I will not apologize for this. I invested in training and certification from SANS/GIAC for one reason, it is the best training from the best instructors anywhere in the world hands down.
It is true, I do not list all of my qualifications and certifications. I have over 100 IT certifications from SANS to Microsoft to Cisco to many others. I do not have value in what I can sell myself for by doing more. What I do get is knowledge that I have applied to risk systems I have been working on for over a decade now. I am good at math, but I have also spent decades learning risk and information security. What I have learnt is that those of us who are experts are also extremely biased. Our biases to one system or another and the heuristics this results in skews our opinions. We do not provide the best answers, we are biased. This is the reason for an expert risk system. It is not biased, it is repeatable. Any person can run the same calculations and come up with the same answers - and these can be tested empirically. I do not seek to be liked. I seek an efficient risk system, this means less loss and more money where it is actually needed.
As for my degrees.
I have recently completed my Masters Degree in Statistics. This was from the University of Newcastle. This is a highly respected research university. My paper was on methods for analysis for analyzing the homogeneity of variance. I also did heteroscadestics and time series modeling for risk. Generally, these skills are deployed into risk modeling for financial instruments. In this field I could earn far more, but it is not my passion.
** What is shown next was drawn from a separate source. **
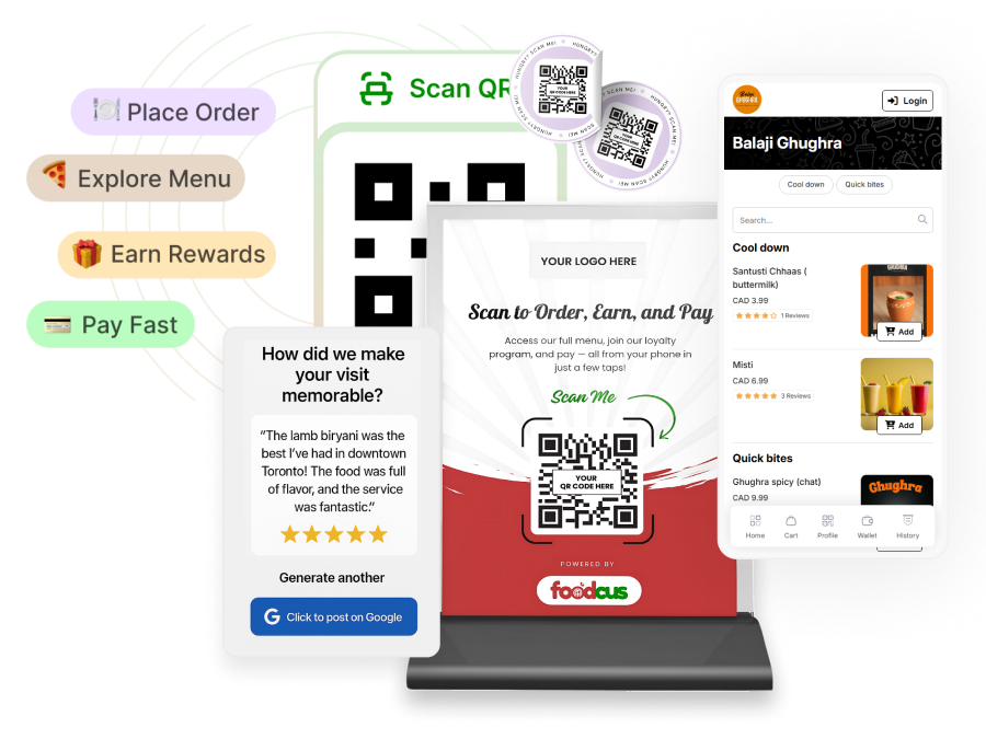 - All-in-One Scan: A single, smart QR code handles Menu viewing, seamless Ordering, and prompts for instant Google Reviews (GMB), turning foot traffic into digital users.

I have several degrees from CSU. I am working on my 4th masters degree with them (a Masters degree in systems development - coding). I am also completing my second doctorate with them. I have posted the details of this PhD on my blog in the past. I also do not apologize for this. I have done these degrees by distance, that much is true. At present I graduate an average of one post-graduate degree a year. I also work full time to the tune of 60 hours a week and give further time to my church and charity. I also teach on top of this.
Outside of professional environments, I am socially isolated for much of the time. I do not know how to handle people like Tim and they beat me constantly and consistently. I like to think that rationally means something. I like to believe in the inherent goodness of people. This coupled with little social interaction outside academic or professional circles leaves me at a disadvantage.
Charles Sturt University is a "real" university. Distance degrees are valid. I may not physically attend campus much, but I do use modern technologies to video conference with my supervisors and peers. I support these and am teaching at CSU for this reason.
Doing a degree by distance can be more difficult than doing it on campus. You have to pace yourself and there are far fewer prompts. I did not used to tell people of my academic leanings, as IT is for many a place adverse to formal learning. There are many (generally unqualified) people who look down on those who have taken the time to study. I will remain proud of study, my universities and my teachers.